REQUIREMENT: Retype nothing but the lines from the start of the material up to and including the line with "Up, Up & Away". Pictures don't belong in the copy.

INFORMATION GIVEN:

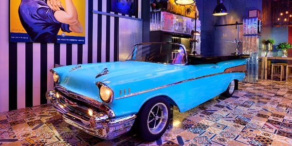 只能說真的有很創意啊 直接把復古的車子擺在大廳
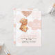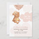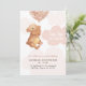 Up, Up & Away Teddy Bear Pink Clouds Baby Birthday Invitation
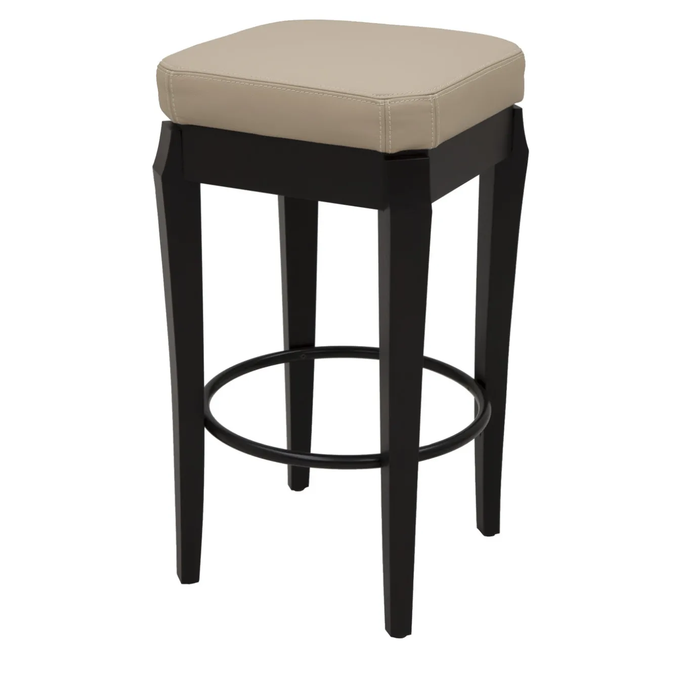 This bar stool offers a stylish way to add a dash of elegance and charm to any style decor. Its visual appeal lies in the simple structural design that is complemented by the timeless combination of color and material used. The square seat is fitted with a cushion upholstered in off-white leather with double decorative stitching in matching color to provide seating comfort with style. Featuring a black matte finish and a round foot rest inside the square wooden frame with long, tapered legs, this stunning stool is the perfect fit for a kitchen island, breakfast counter, or game room.
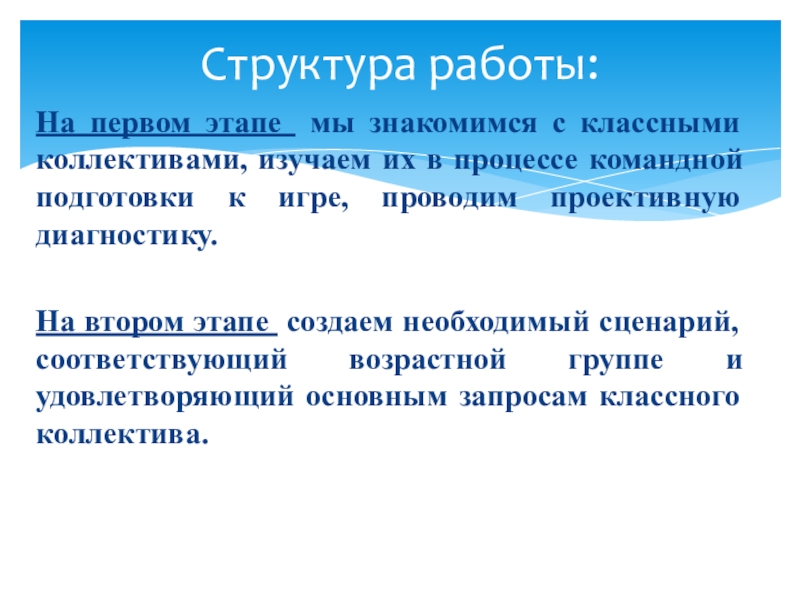 На первом этапе мы знакомимся с классными коллективами, изучаем их
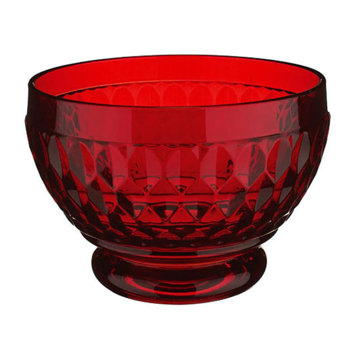 Der verspielte Schliff der brillanten Kristallglas-Kollektion Boston Coloured von macht sie zu einem wahren Blickfang auf dem gedeckten Tisch. Die vielseitige Prismendekoration und intensiven Farbtöne wie dieses Rot verleiht selbst simpelsten Desserts oder einer Kugel Eis eine ganz besondere Note.
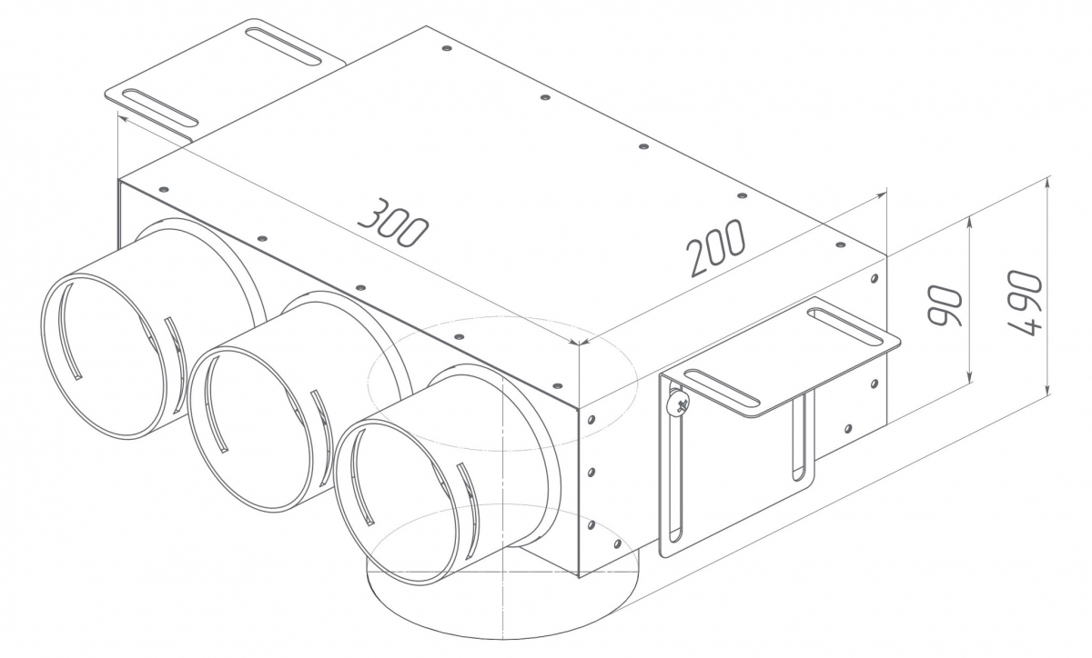 • Размеры (с присоединительными фланцами): 200 х 490 х 264 мм
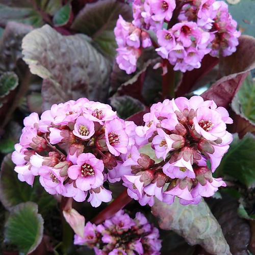 Бадан гибридный Мэджик Джайнт - цветки большие, ярко-розовые. Листья огромные, нижние - тёмно-зелёные, верхние – фиолетово-красные. Стебли красные.
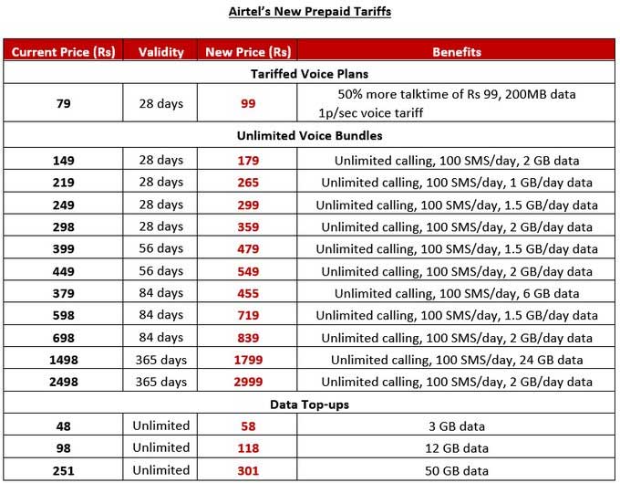 या प्रीपेड प्लॅनची नवीन किंमत २६ नोव्हेंबरपासून सुरू होईल. सध्यातरी रिलायन्स जिओ आणि वोडाफोनने दरवाढीची घोषणा केलेली नाही. तथापि, असे मानले जाते की या कंपन्यादेखील लवकरच त्यांच्या प्रीपेड प्लॅनच्या किंमती वाढवू शकतात.
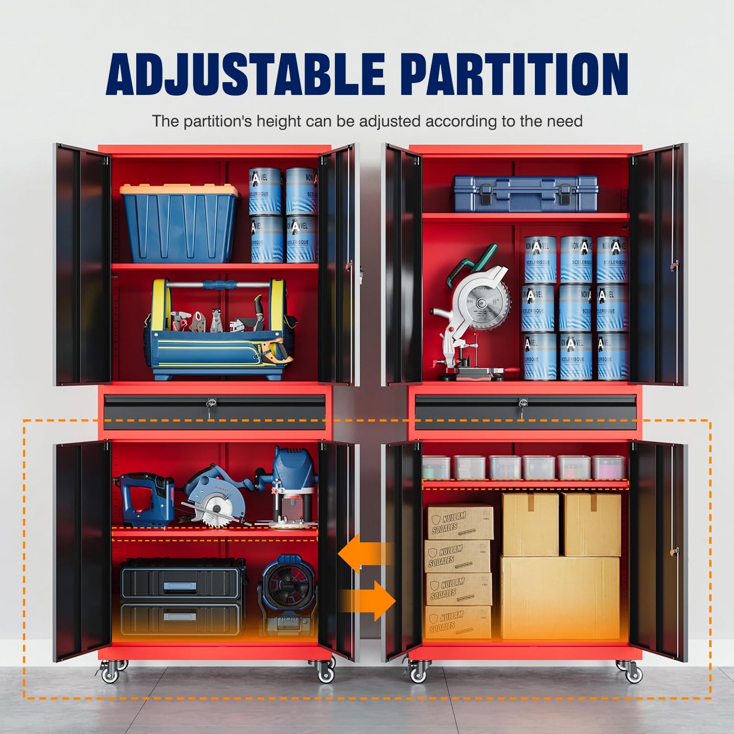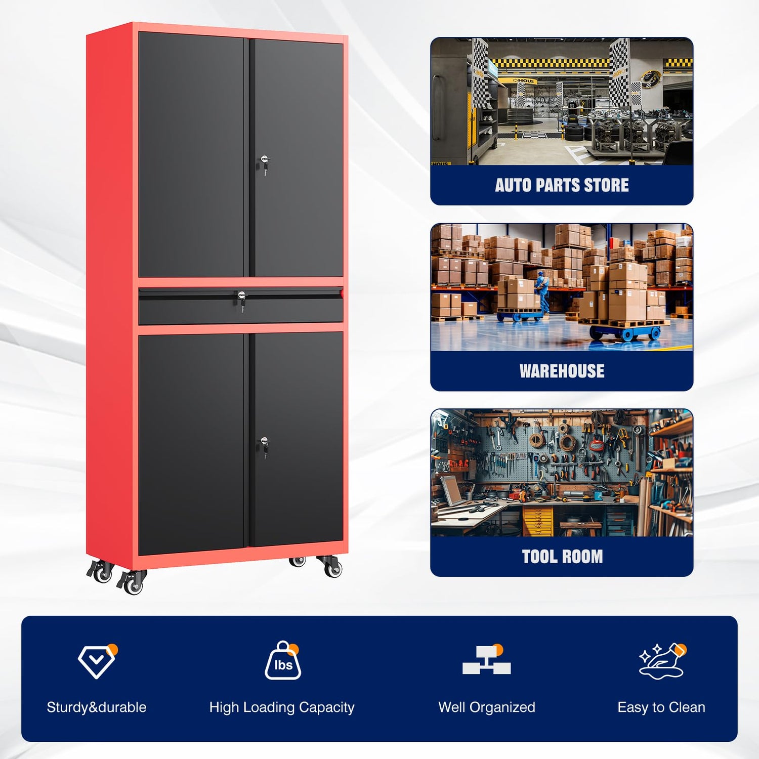 Yizosh Metal Garage Storage Cabinet with Locking Doors and Adjustable Shelves, Rolling Tool Storage Cabinet with 4 Wheels and 1 Drawer - 73" Steel Locking Cabinet for Garage, Warehouse (Red Black)
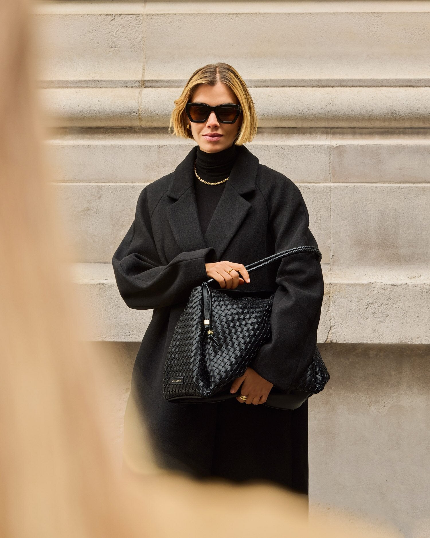 Our Nova Hand Woven Large Shoulder Bag in Black showcases soft-to-touch woven vegan leather, adding texture and dimension to any look. Considered details include an easy magnetic closure, an internal zip pocket for valuables, and a signature branded bag charm. Designed to suit both work and play, it’s the must-have profile of the season.
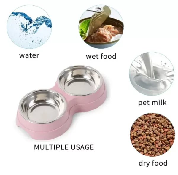 Bolul din oțel inoxidabil nu se sparge dacă este scăpat sau răsturnat, spre deosebire de bolurile ceramice și este rezistent la ros, spre deosebire de bolurile din plastic. De asemenea, sunt sigure pentru mașina de spălat vase și nu rețin mirosuri, făcându-le mai igienice decât alte opțiuni. Are o textură elegantă care se potrivește oricărui design interior al casei. Două boluri din oțel inoxidabil, rezistente și durabile, se potrivesc în suportul colorat din plastic. Sunt excelente atât pentru mâncare, cât și pentru apă, indiferent de temperatură.
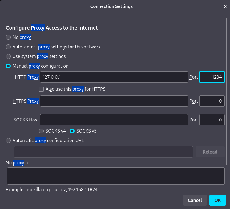 manual proxy를 체크해 주고 아래와 같이 입력합니다.

OUTPUT OF THE TASK:
 只能說真的有很創意啊 直接把復古的車子擺在大廳
 Up, Up & Away Teddy Bear Pink Clouds Baby Birthday Invitation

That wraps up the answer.